**WHAT THIS TASK INVOLVES:** Your copy of the data should match it exactly, except that the pictures are gone.

**DATA EXCERPT:**
○ ○ ○ ○ ○ ○ ○
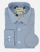 Brooksfield Stretch Performance Regular Fit Shirt, a stylish choice for both work or a special occasion with blue geometric print. Crafted from a premium blend of 97% cotton and 3% spandex, this shirt offers exceptional comfort, durability, and a stretch for ease of movement.
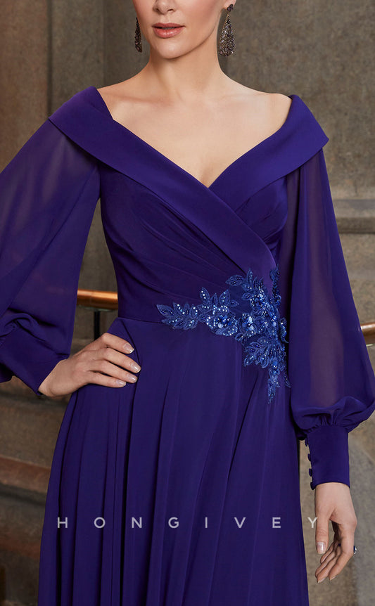 HM240 - A-Line V-Neck Long Sleeves Chiffon Mother of the Bride Dress
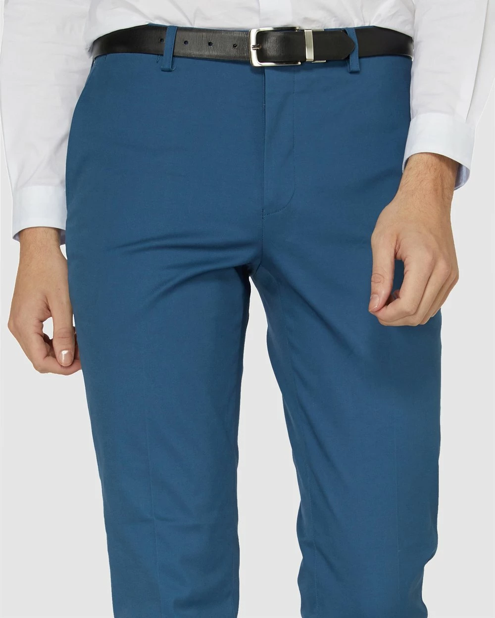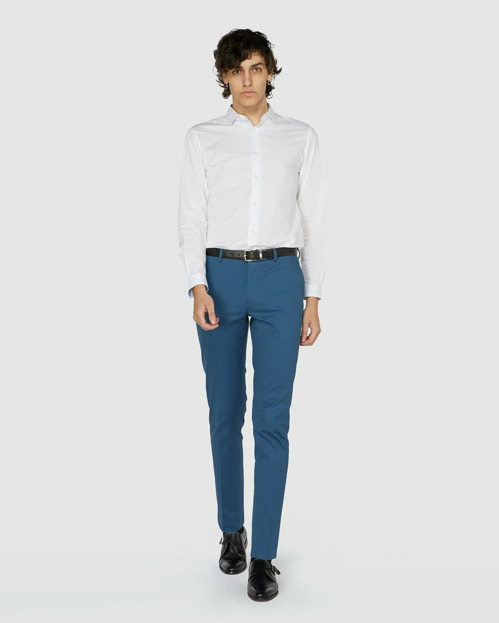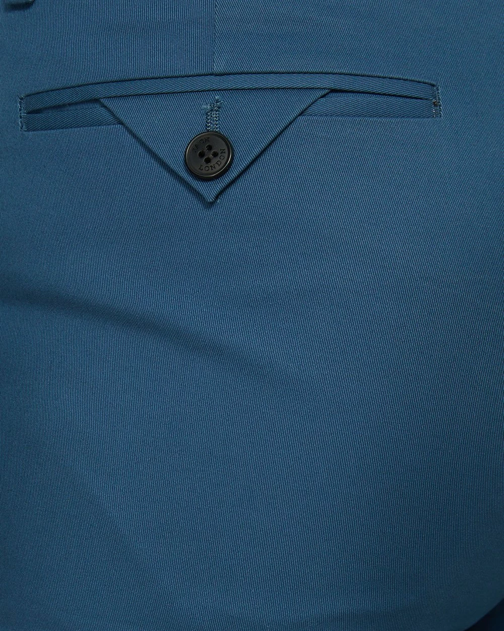 The Petrol Dress Chinos by Jack London are petrol coloured chinos. This pair of pants has a zip fly with button fastening, rear jet pockets, cuffed hems, angled front pockets and are expertly finished with soft tonal lining.
○ ○ ○ ○ ○ ○ ○
**COMPLETED EXERCISE:**
 Brooksfield Stretch Performance Regular Fit Shirt, a stylish choice for both work or a special occasion with blue geometric print. Crafted from a premium blend of 97% cotton and 3% spandex, this shirt offers exceptional comfort, durability, and a stretch for ease of movement.
 HM240 - A-Line V-Neck Long Sleeves Chiffon Mother of the Bride Dress
 The Petrol Dress Chinos by Jack London are petrol coloured chinos. This pair of pants has a zip fly with button fastening, rear jet pockets, cuffed hems, angled front pockets and are expertly finished with soft tonal lining.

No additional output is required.